Telemetry Contract
Standardized telemetry with canonical agent naming, checkpoint normalization, and bounded attribute sets for stable observability across agent evolution.
Context
Prior telemetry patterns allowed drift: agent names appeared with multiple aliases in metrics, checkpoint labels were inconsistent, unbounded attributes created noisy dimensions, and dashboards broke after innocuous naming changes.
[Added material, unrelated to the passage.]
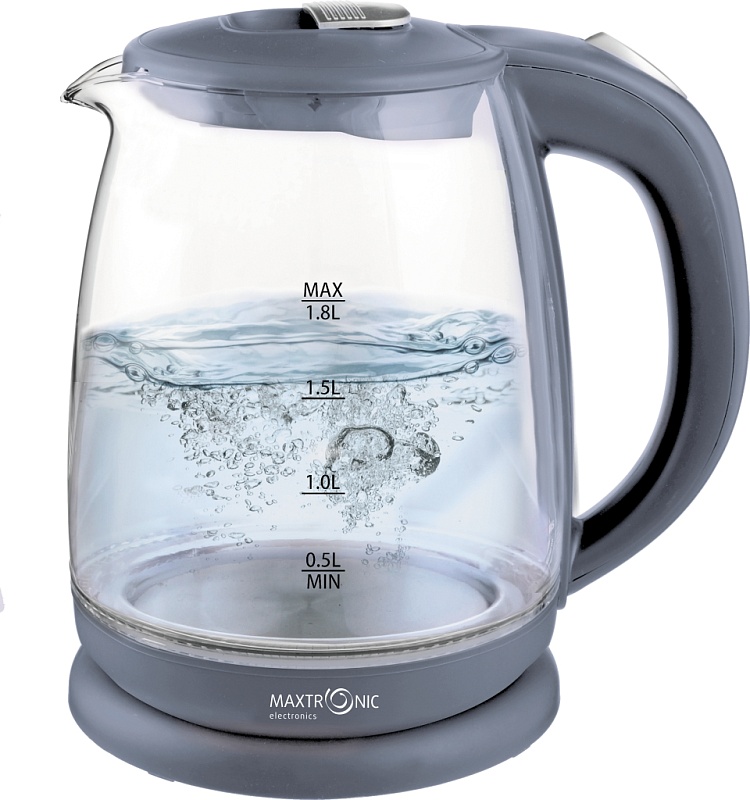 Чайник электрический стекло Maxtronic MAX-410 1.8л 1800Вт подсветка серый (1/12)

Operations needed to trust trend data and alerting over time.
Core Decisions
1. Canonical Agent and Checkpoint Naming
Metrics are emitted using normalized identifiers: canonical agent names, normalized checkpoints (CP-1 to CP-6), and legacy alias mapping for backward compatibility.
2. Bounded and Sanitized Attribute Set
Telemetry helper functions sanitize attribute values and enforce bounded key sets to prevent cardinality blowups and malformed dimensions.
3. Contract Lives in Shared Helper Layer
All emitters use a shared helper for contract-safe metric output instead of ad hoc metric assembly. This ensures every telemetry emission follows the same normalization rules.
4. Backward Compatibility Is Explicit
Legacy aliases are translated to canonical forms so historical dashboards continue to operate while migration completes.
5. Contract Regressions Fail CI
Telemetry contract tests validate canonicalization, alias mapping, and attribute safety before merge.
Telemetry Pipeline
Workflow/Agent Event
An event is triggered during workflow execution or agent operation.
agentMetrics Helper
The shared helper receives the raw event data.
Canonicalization
Agent names and checkpoints are normalized to canonical forms.
Attribute Sanitization
Attribute values are sanitized and bounded to prevent cardinality issues.
Metric Emission
Clean, contract-safe metrics are emitted to the telemetry backend.
Dashboards & Alerts
Stable semantics ensure dashboards and alerts remain trustworthy over time.